Title:Ketogenic Diets in the Treatment of Epilepsy
Volume: 23
Issue: 37
Author(s): Maurizio Elia*, Joerg Klepper, Baerbel Leiendecker and Hans Hartmann
Affiliation:
- Oasi Institute for Research on Mental Retardation and Brain Aging (IRCCS), Unit of Neurology and Clinical Neurophysiopathology, Troina (EN),Italy
Keywords:
Ketogenic diets, Glut1 deficiency, pyruvate dehydrogenase deficiency, drug-resistant epilepsy, children, adults.
Abstract: Background: Although a larger number of antiepileptic drugs became available in the last decades,
epilepsy remains drug-resistant in approximately a third of patients. Ketogenic diet (KD), first proposed at the
beginning of the last century, is complex and has anticonvulsant effects, yet not completely understood. Over the
last decades, different types of ketogenic diets (KDs) have been developed, namely classical KD and modified
Atkins diet (MAD). They offer an effective alternative for children and adults with drug-resistant epilepsies.
Methods: We review several papers on KDs as an adjunctive treatment of refractory epilepsy of children and
adults, discussing its efficacy and adverse events. Because of the heterogenous, uncontrolled nature of the studies,
we analyzed all studies individually, without a meta-analysis.

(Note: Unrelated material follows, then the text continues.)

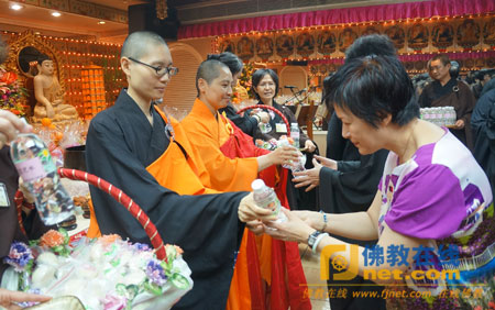 法师向参会的居士信众发放饮品

Results: KDs may be considered first choice treatment in some specific metabolic conditions, such as glucosetransporter
type 1 and pyruvate dehydrogenase deficiencies, and mitochondrial complex I defects. Preliminary
findings indicate that KDs may be specifically effective in some epileptic syndromes, such as West syndrome,
severe myoclonic epilepsy of infancy, myoclonic-astatic epilepsy, febrile infection related epileptic syndrome,
and drug-resistant idiopathic generalized epilepsies or refractory status epilepticus. Short term adverse events are
usually mild in both children and adults, including gastrointestinal symptoms, hyperlipidemia, and hypercalciuria;
potential long term adverse effects include nephrolitiasis, decreased bone density, and liver steatosis. Possible
atherosclerotic effects remain a concern. Patients on KDs should be carefully monitored in specialized centers
during initiation, maintenance and withdrawal periods, in order to minimize such adverse events, and to improve
compliance. Although the majority of KD trials on children and adults with drug-resistant epilepsies are openlabel,
uncontrolled studies based on small samples, an increasing number of randomized controlled trials have
provided better quality evidence on its efficacy in recent years.
Conclusion: There is a need for future randomized clinical trials aimed to confirm the efficacy of KDs in specific
epileptic syndromes, and to provide further information about some practical unsolved problems, i.e. for how
long KD treatment should be continued.